The SPD is losing support across the board, including among German-Turks.
Foto: ? Johannes Eisele / Reuters/ ReutersAccording to a poll commissioned by the online newspaper Deutsch-Türkisches Journal (DTJ), 90 percent of German-Turks intend to vote in the German elections in late September -- a 15 percent increase over the last election in 2009.
But their growing political participation is bringing with it a change in their political affiliations. Marking something of a departure from their previous behavior at the ballot box, the poll shows that 43 percent plan to cast their votes for the center-left Social Democratic Party (SPD) -- compared to 50 percent in 2009 -- 22 percent for the Green Party and 20 percent for Chancellor Angela Merkel's center-left Christian Democrats, up from 11 percent during the last election.

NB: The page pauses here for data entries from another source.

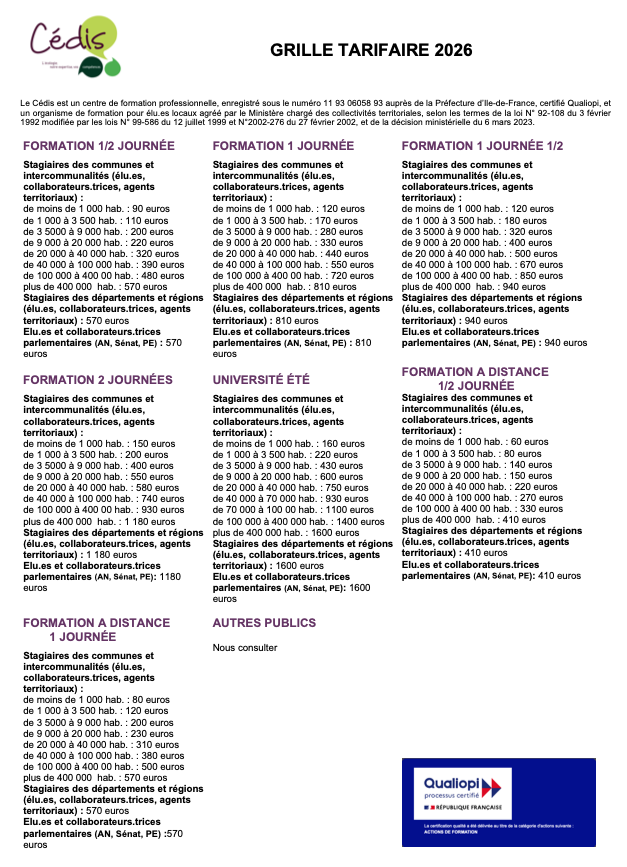 La grille tarifaire applicable est la suivante, sauf formation spécifique : dans ce cas de figure, contactez-nous.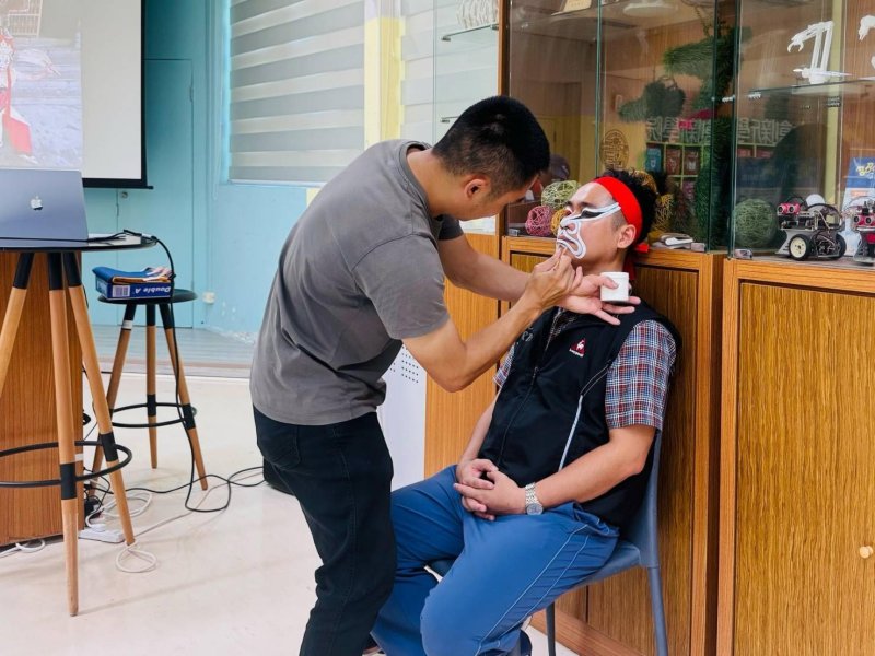 在指導老師與講師的帶領下,來自不同文化背景的學生實際參與臉譜創作,透過親手描繪,將課堂所學轉化為具體作品。越南與日本學生在交流過程中,也分享各自文化中的傳統符號與宗教意象,使課堂不僅是單向的文化輸出,更成為多元文化交會與對話的平台。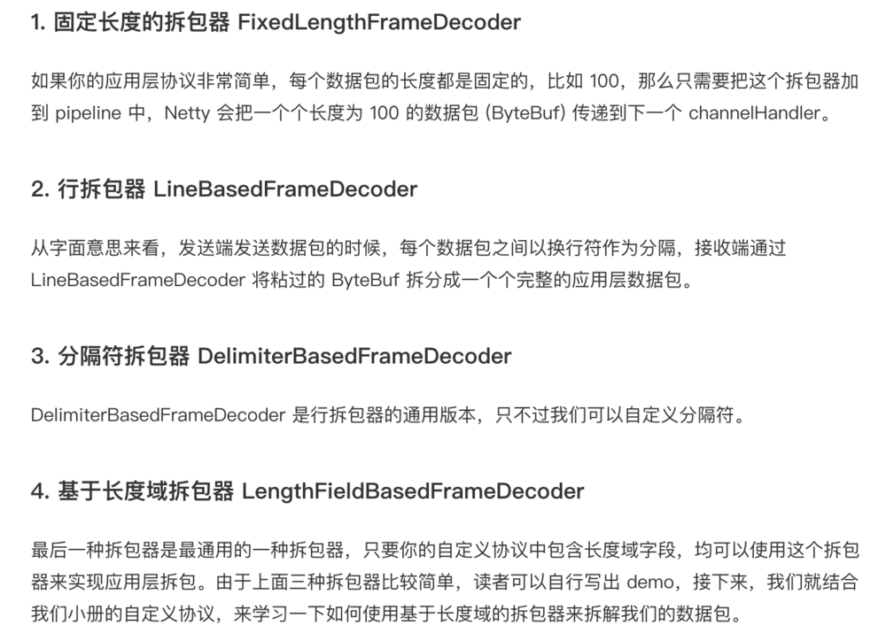 而在Netty中,已经造好了许多类型的拆包器,我们直接用就好: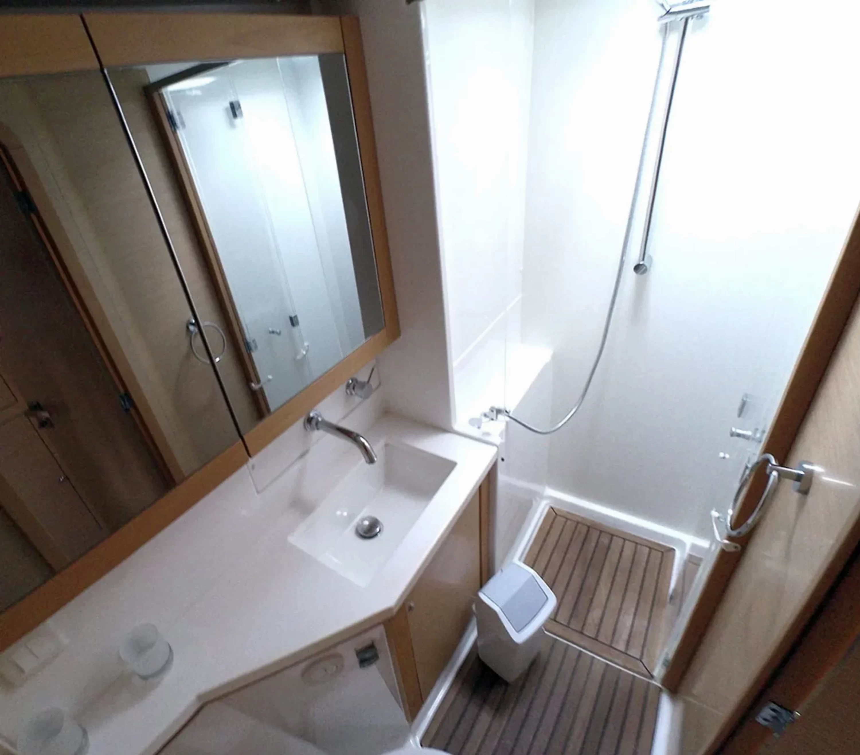 Pillows and blankets are included in the price. Catamaran Red Twin 2 offers 4 toilets with a shower. Boat equipment features classic mainsail, electric winches, radar, generator, bimini and outside GPS plotter. It also boasts a heating, air conditioning, audio system, outside speakers and flybridge. The fully-equipped galley includes an ice maker, freezer, coffee machine, oven and cooker. This catamaran is operated by the charter company Q-yacht.

Ever since the first Turkish "guest workers" began arriving in Germany over 50 years ago, the majority of the community has lent its support to the SPD, traditionally the party of choice for blue-collar voters. But recent years have seen the SPD hemorrhage core voters, and German-Turks are joining the exodus.
Changing Demographics
The results of the survey were presented in Berlin on Thursday at a press conference co-hosted by the DTJ's editor-in-chief Süleyman Bag and Bekir Yilmaz, president of the Turkish Community in Berlin (TGD).
"The SPD and the Green Party still dominate," said researcher Kamuran Sezer, director of the Futureorg Institute which carried out the poll, at the press conference. But less then they used to. As Sezer pointed out, both parties are attracting around 10 percent fewer voters than they did in the last elections in 2009, with a growing number defecting to the Christian Democrats and the Alliance for Innovation and Justice (BIG), a party founded by Muslims in 2010 aimed at voters with immigrant roots. The Futureorg poll put its support at 6.9 percent among voters of Turkish descent, the only other party to gain over 5 percent of German-Turkish votes.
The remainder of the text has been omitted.